_Assigned task:_ In the listing below, find the line with "Armadio Novamobili modello" and copy every line from there up to and including the line with "Um policial militar", exactly and without pictures.

• • • • • • •

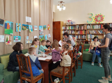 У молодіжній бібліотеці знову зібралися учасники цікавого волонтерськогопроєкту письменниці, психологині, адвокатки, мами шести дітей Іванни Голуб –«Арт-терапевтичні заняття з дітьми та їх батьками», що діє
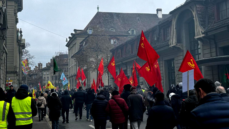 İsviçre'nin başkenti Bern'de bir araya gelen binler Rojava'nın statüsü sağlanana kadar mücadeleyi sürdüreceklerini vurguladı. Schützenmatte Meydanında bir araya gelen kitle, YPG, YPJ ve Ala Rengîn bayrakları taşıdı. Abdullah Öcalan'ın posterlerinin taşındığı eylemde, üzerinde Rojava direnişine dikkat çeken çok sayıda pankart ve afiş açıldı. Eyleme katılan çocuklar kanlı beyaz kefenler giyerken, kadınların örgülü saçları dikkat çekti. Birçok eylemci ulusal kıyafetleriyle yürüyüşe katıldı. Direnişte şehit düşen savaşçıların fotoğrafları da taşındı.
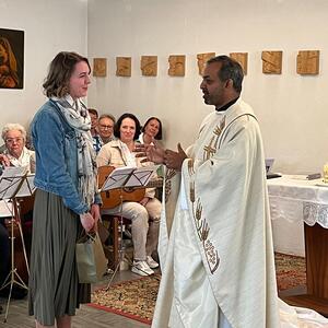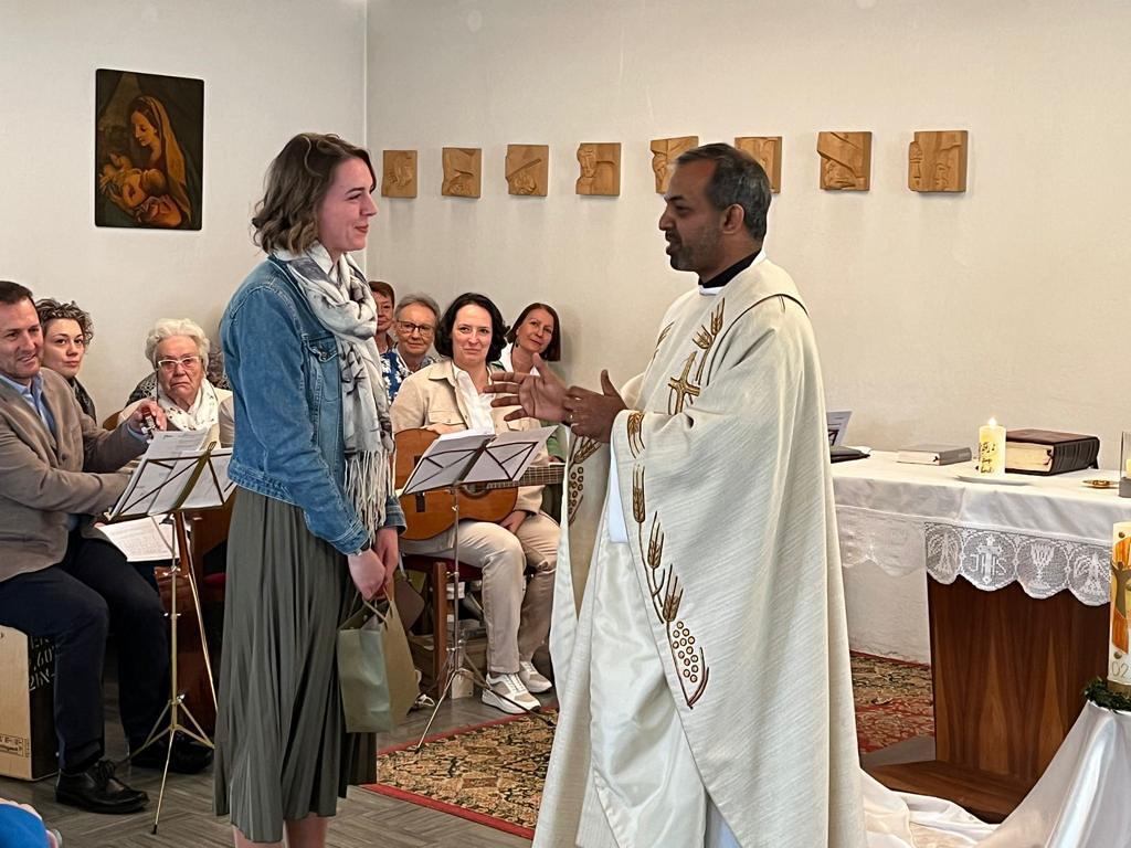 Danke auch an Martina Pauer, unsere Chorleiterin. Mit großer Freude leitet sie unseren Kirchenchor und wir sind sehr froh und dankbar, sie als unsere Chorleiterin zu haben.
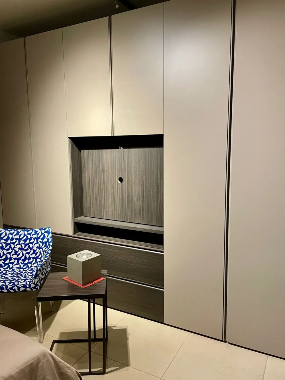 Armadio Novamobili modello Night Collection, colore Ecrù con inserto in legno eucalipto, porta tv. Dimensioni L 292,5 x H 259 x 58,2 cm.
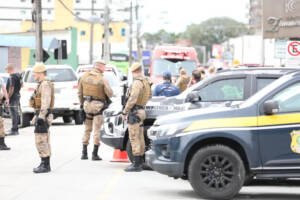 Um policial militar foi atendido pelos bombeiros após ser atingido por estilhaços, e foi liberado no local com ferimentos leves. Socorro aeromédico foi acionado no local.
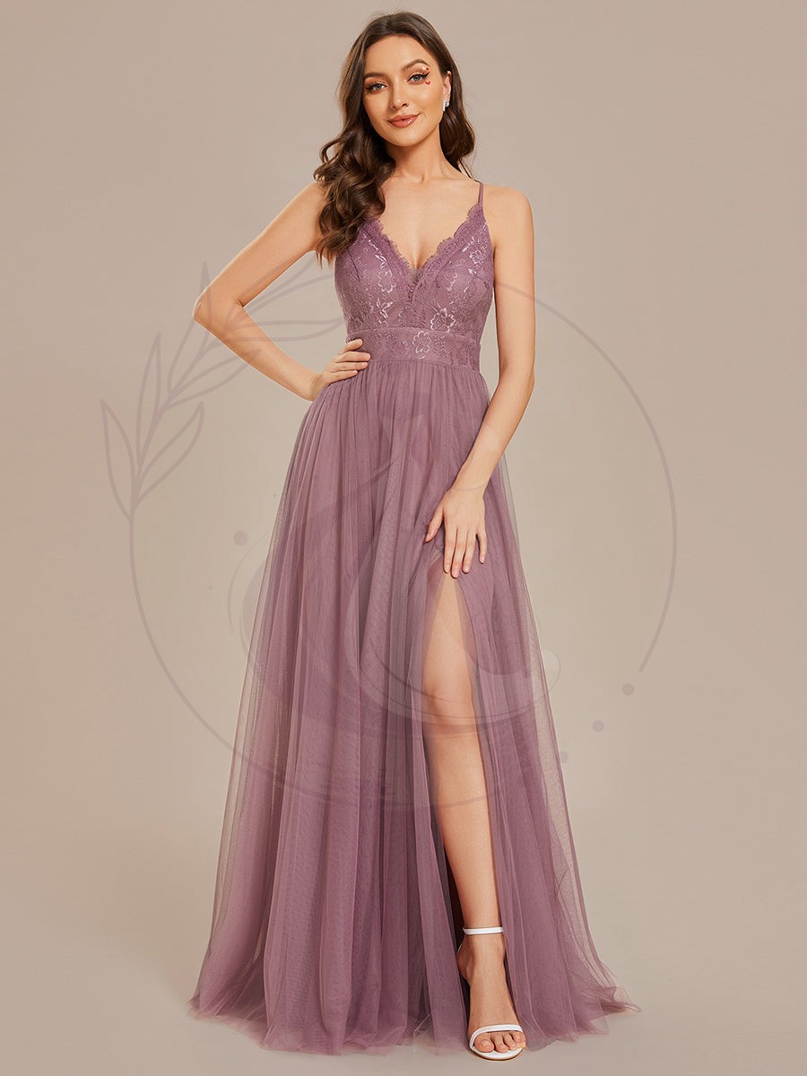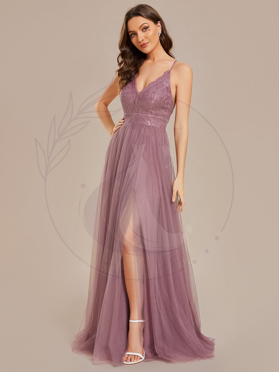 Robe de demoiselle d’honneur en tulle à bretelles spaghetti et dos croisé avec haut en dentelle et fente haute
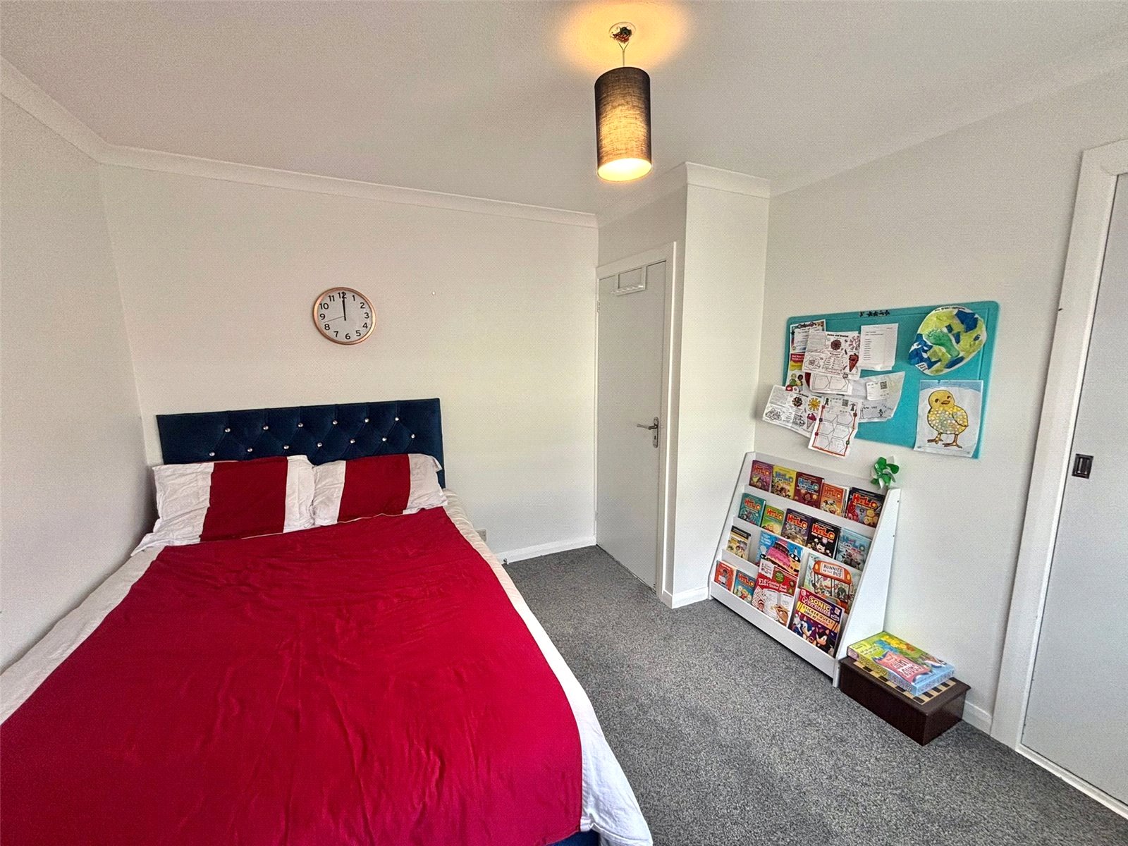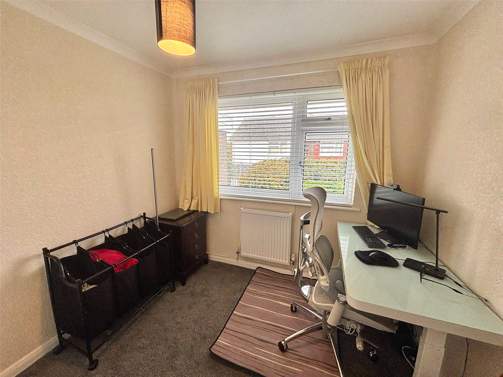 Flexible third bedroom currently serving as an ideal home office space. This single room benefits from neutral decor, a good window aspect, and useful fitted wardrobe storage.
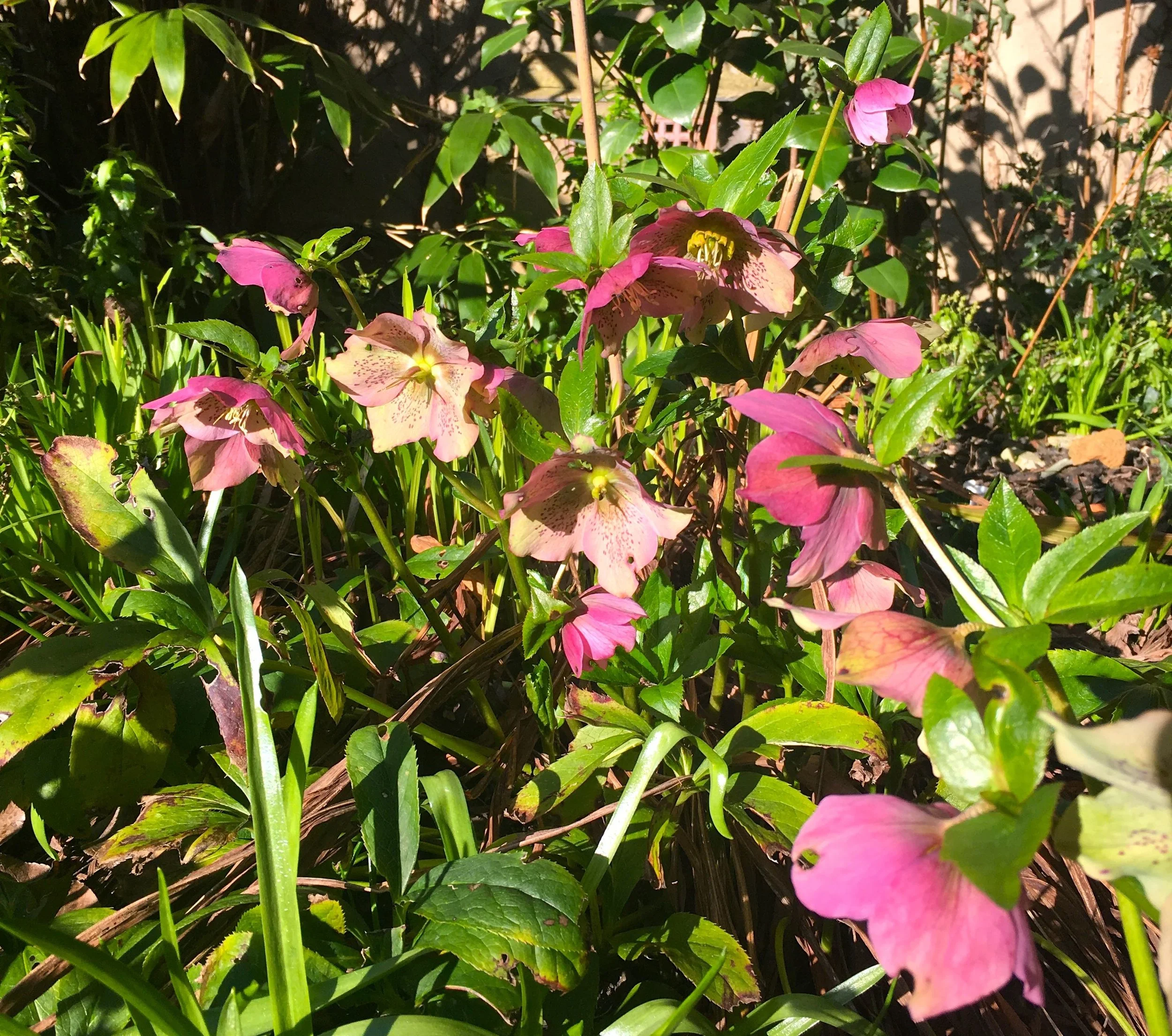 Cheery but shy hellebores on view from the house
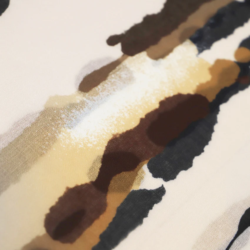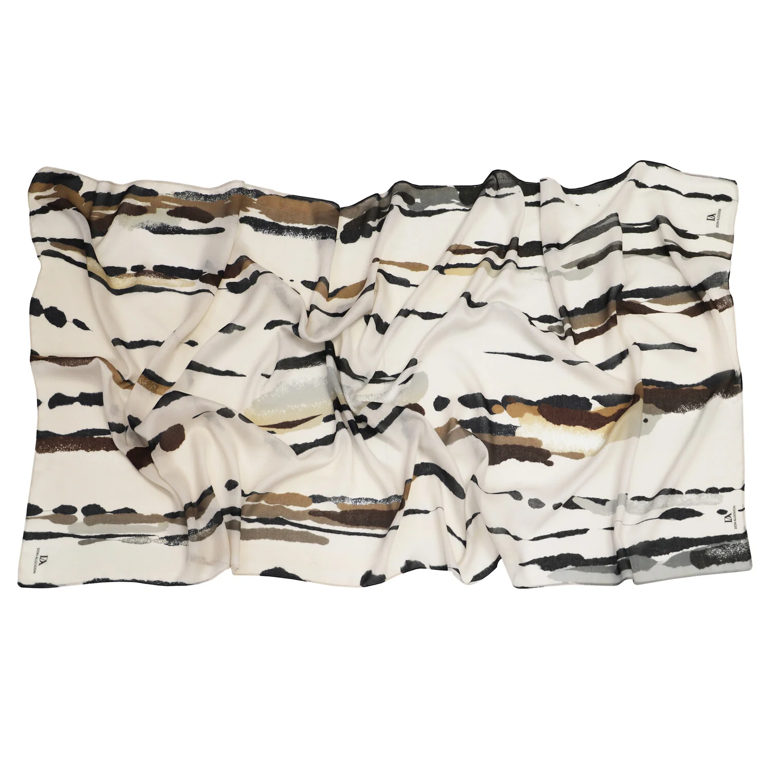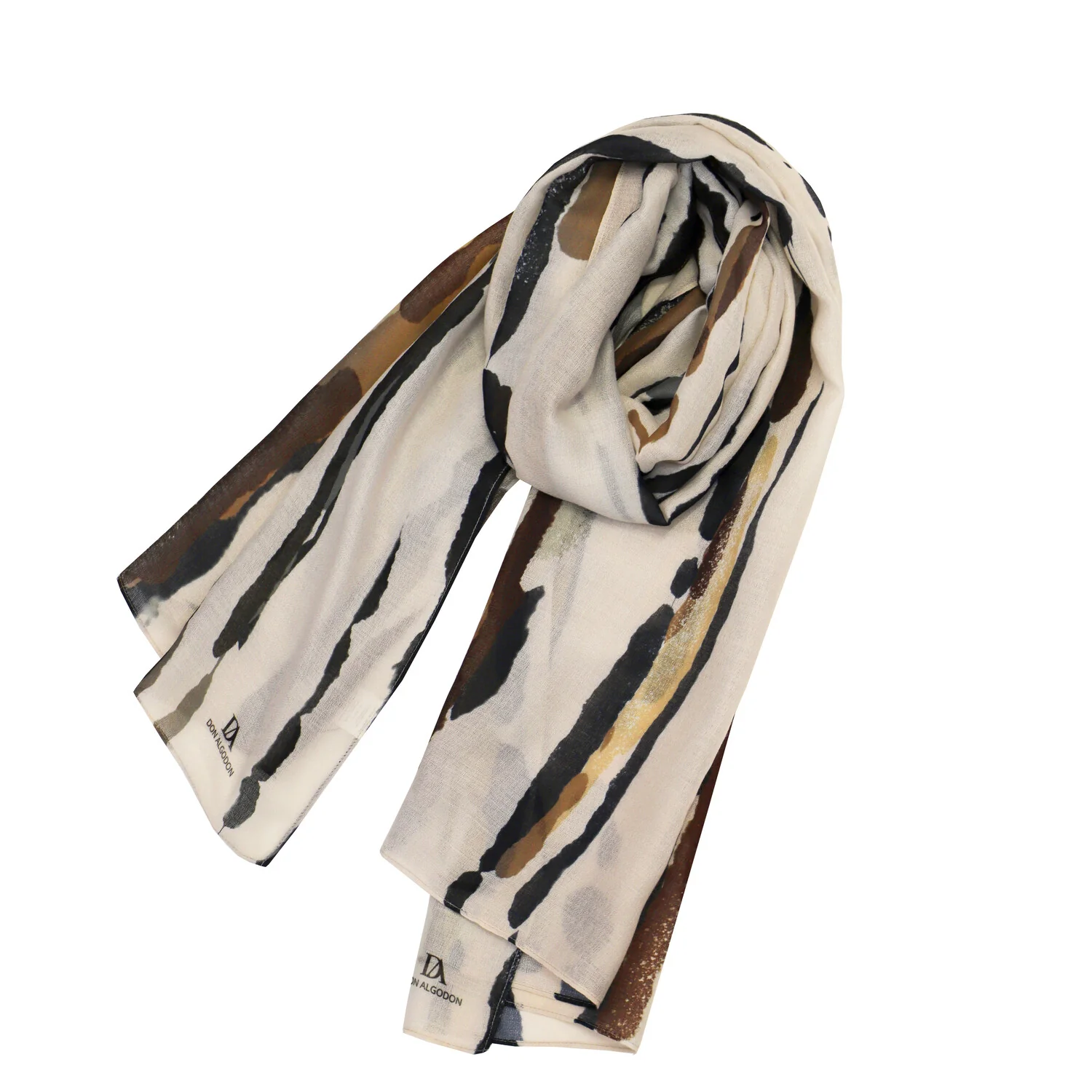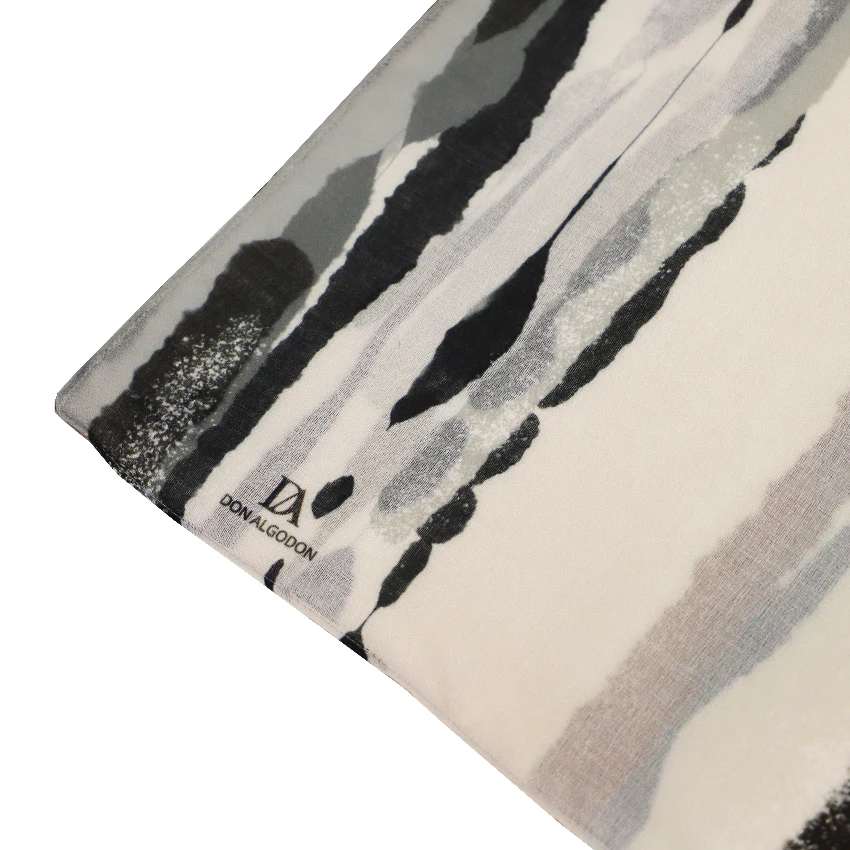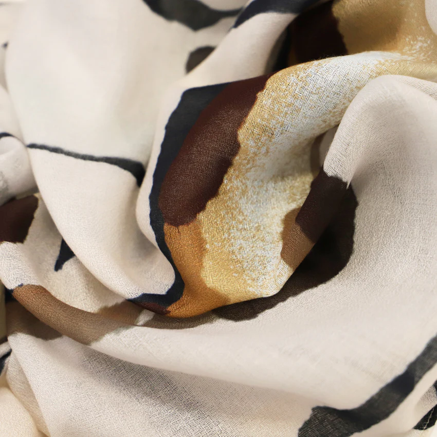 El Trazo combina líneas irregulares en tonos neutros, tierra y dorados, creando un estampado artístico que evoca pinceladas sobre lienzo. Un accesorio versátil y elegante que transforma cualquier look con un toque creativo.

• • • • • • •

_Answer space:_
 Armadio Novamobili modello Night Collection, colore Ecrù con inserto in legno eucalipto, porta tv. Dimensioni L 292,5 x H 259 x 58,2 cm.
 Um policial militar foi atendido pelos bombeiros após ser atingido por estilhaços, e foi liberado no local com ferimentos leves. Socorro aeromédico foi acionado no local.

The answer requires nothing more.